Understanding Server Side Request Forgery (SSRF)

SSRF is a type of security vulnerability that allows an attacker to make unauthorized requests from the server side of an API. By manipulating the API's requests, an attacker can potentially access internal resources that are not intended to be exposed, such as local files, databases or other APIs. SSRF often occurs when an API does not properly validate or restrict the URLs or endpoints it can access.

Forger Arrested

Risks associated with SSRF

SSRF poses several risks to the security and integrity of an API. By exploiting SSRF, an attacker can bypass network security measures and access sensitive information or resources. For example, an attacker could make requests to internal APIs or services and retrieve confidential data, modify data or even perform actions that could lead to a complete compromise of the system. Additionally, SSRF can be leveraged to perform attacks such as port scanning, remote code execution, or accessing internal network resources.

In-App and API security, another critical vulnerability organizations should be aware of is Security Misconfiguration. Security Misconfiguration occurs when an App, API, or underlying technology is not configured correctly, leaving it vulnerable to various attacks and exploitation. Let's explore what Security Misconfiguration is and the risks associated with it.

Understanding Security Misconfiguration

Security Misconfiguration refers to the incorrect configuration of security settings and controls in an API. It can occur at various levels, including server configurations, framework settings, database configurations and API endpoints. When security measures are not adequately implemented or are left in their default and insecure states, it opens up avenues for potential attacks.

Security Misconfiguration

Risks associated with Security Misconfiguration

Security Misconfiguration can have severe consequences for both the API and the organization. By leaving security settings in an insecure state, attackers may exploit these vulnerabilities to gain unauthorized access, steal sensitive data, modify or delete data or even compromise the entire system. Additionally, Security Misconfiguration can lead to data breaches, unauthorized access to backend systems and reputational damage for the organization.

Common examples of Security Misconfiguration include leaving default passwords unchanged, exposing sensitive error messages, having unnecessary enabled features and not properly restricting access to sensitive API endpoints. These misconfigurations allow attackers to exploit and compromise the API's security.


Server Side Request Forgery (SSRF) is a significant threat to Apps and APIs, allowing attackers to manipulate server-side requests and access sensitive resources. Understanding the risks associated with SSRF and implementing appropriate security measures can help organizations protect their APIs and the data they handle. By validating input, implementing network segmentation, restricting access to external resources, keeping dependencies updated, and conducting ongoing security testing, organizations can reduce the likelihood of SSRF attacks and safeguard their API infrastructure.

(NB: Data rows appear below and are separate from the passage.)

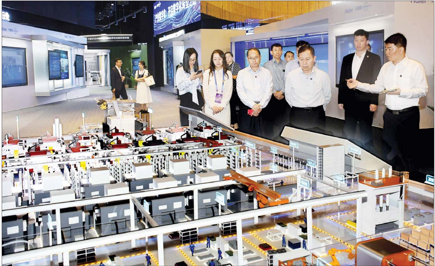
နိုင်ငံတော်စီမံအုပ်ချုပ်ရေးကောင်စီ ဒုတိယဥက္ကဋ္ဌ ဒုတိယဝန်ကြီးချုပ် ဒုတိယဗိုလ်ချုပ်မှူးကြီးစိုးဝင်း ချင်းတောင်မြို့ရှိ ချင်းတောင် ဟိုင်အယ်အဖွဲ့အတွင်း ကြည့်ရှုလေ့လာစဉ်။

နေပြည်တော် ဇူလိုင် ၉ တရုတ်ပြည်သူ့သမ္မတ နိုင်ငံ ချင်းတောင်မြို့၌ ရောက်ရှိနေသည့် နိုင်ငံ တော်စီမံအုပ်ချုပ်ရေးကောင်စီ ဒုတိယ ဥက္ကဋ္ဌ ဒုတိယဝန်ကြီးချုပ် ဒုတိယ ဗိုလ်ချုပ်မှူးကြီးစိုးဝင်း ဦးဆောင်သော မြန်မာကိုယ်စားလှယ်အဖွဲ့သည် ယနေ့ နံနက်ပိုင်းတွင် ချင်းတောင်မြို့အတွင်းရှိ ချင်းတောင် ဟိုင်အယ်အဖွဲ့ (Qingdao Haier Group)နှင့် ချင်းတောင်သုတေသန နှင့် ဖွံ့ဖြိုးတိုးတက်မှုစင်တာ (Qingdao Hisense Research and Development Center)များသို့ လှည့်လည်ကြည့်ရှု လေ့လာကြသည်။
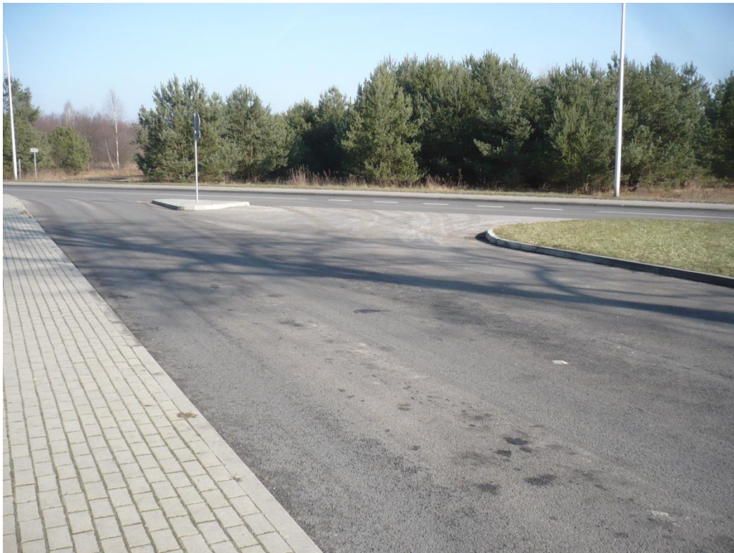
fotografia 15 Pętla przy ul. Jędrzychowskiej wjazd
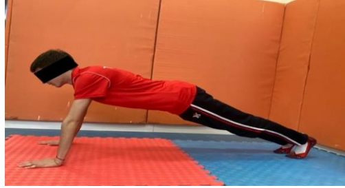
Resim 3.2. İzometrik şınav test ölçümü

çalışmıştır ve vücut pozisyonunun bozulması durumunda test sonlandırılmıştır. Bu pozisyonda kalış süresi saniye olarak kayıt altına alınmıştır. Bel gerginliğinin bozulması, kolda veya dizde bükülme olması durumunda test sona erdirilmiştir. Katılımcılara bir deneme hakkı verilmiştir (Winnick ve Short, 2014).

Security Misconfiguration is another significant and insidious vulnerability that can expose APIs to various security risks and compromise data confidentiality, integrity and availability. Understanding the risks associated with Security Misconfiguration and implementing appropriate security measures is crucial for organizations to protect their APIs from potential attacks. By following best practices such as changing default configurations, regular patching, implementing the principle of least privilege, secure error handling, conducting security audits, and deploying securely, organizations can enhance the security posture of their APIs and mitigate the risk of Security Misconfiguration.

Security is an ongoing process, and regular assessments, updates and monitoring are essential to ensure the continued protection of APIs against evolving threats.